Design isn’t just relegated to the world of graphic design or fashion — it’s the makeup of our everyday lives.

“‘Design’ is such a common term that we use pretty casually, but design is also a discipline, and what we do as designers — whether you’re an architect who’s designing buildings or landscape architect or product designer — any form of design essentially plays a critical role in shaping our world,” University of Minnesota’s College of Design Dean Prasad Boradkar said.

Walker Art Center’s Insights 2025 Design Lecture Series offers Minnesotans a chance to zoom into the world of design through a series of lectures this month. This year, the annual series, a collaboration with AIGA Minnesota, an association for professional designers of Minnesota and the Upper Midwest, focuses on themes of shopkeeping and world-making through design, among others.

Lecturers come to Minneapolis from Amsterdam, Utah, Philadelphia and just down the street in the Uptown neighborhood. Some work with big brands, like creative director Zeynep Orbay and design collaborative Actual Source, while others run their own spaces, for example Yowie and Odd Mart.

“Whether it’s Odd Mart...dealing with the world of comics, which is kind of a world-making enterprise, to Shannon Maldonado of Yowie, who has created a boutique hotel and coffee shop on South Street in Philly, we’re in this moment of AI and the algorithm,” said Mark Owens, Walker’s design director. “I think encountering spaces wherein singular creative intelligence has created a space is very refreshing.”

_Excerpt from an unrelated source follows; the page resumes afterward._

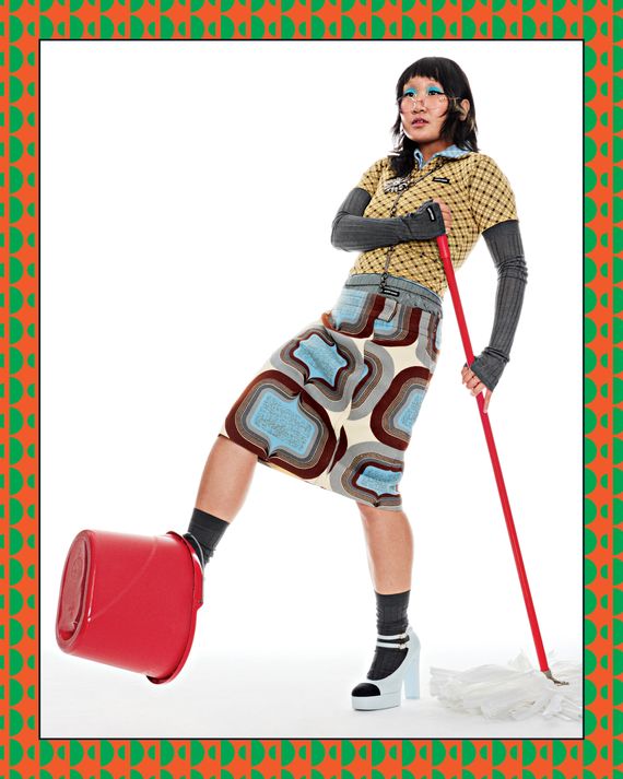 MIU MIU Shirts, Skirt, Brief, Arm Warmers, Socks, and Necklace, at select boutiques and miumiu.com. CHANEL Mary Janes, available at select boutiques. Glasses talent’s own.

The series kicked off last week with Yowie’s Maldonado, who transitioned from being a fashion designer in New York to owning her own boutique store and, now, Yowie hotel in Philadelphia. She was inspired to start her own business in part after working with the now-defunct 77kids, American Eagle’s kids brand.

“I got to see a brand go from ideation to death, and all that went with that,” Maldonado said. “It was a really fascinating thing to be a part of. It had very high highs and low lows, but I learned a lot, and that made me think ‘What would it be like if I started a space or a brand?’”

In 2018, she quit her full-time job and did just that. Maldonado, who is Black, opened the boutique retail store Yowie. It took off, reaching new heights in 2020, and she stood in solidarity with other Black-owned businesses and creatives following the killing of George Floyd. The boutique eventually transformed into the 13-room Yowie Hotel that she designed and co-owns. Unlike the bland uniformity of chain hotels, everything in each room is unique and for sale.

She came to the Twin Cities last week, just a few months before the five-year anniversary of George Floyd’s murder, and during a creatively and politically very different time in the United States under the Trump administration.

“It’s a weird time in culture and politics,” she said. “I think a lot of those measures [that were enacted during George Floyd] are being pulled back or canceled.

“At times it feels like that time was a fever dream, especially as a small business — there was so much support...that just is not there at this point.”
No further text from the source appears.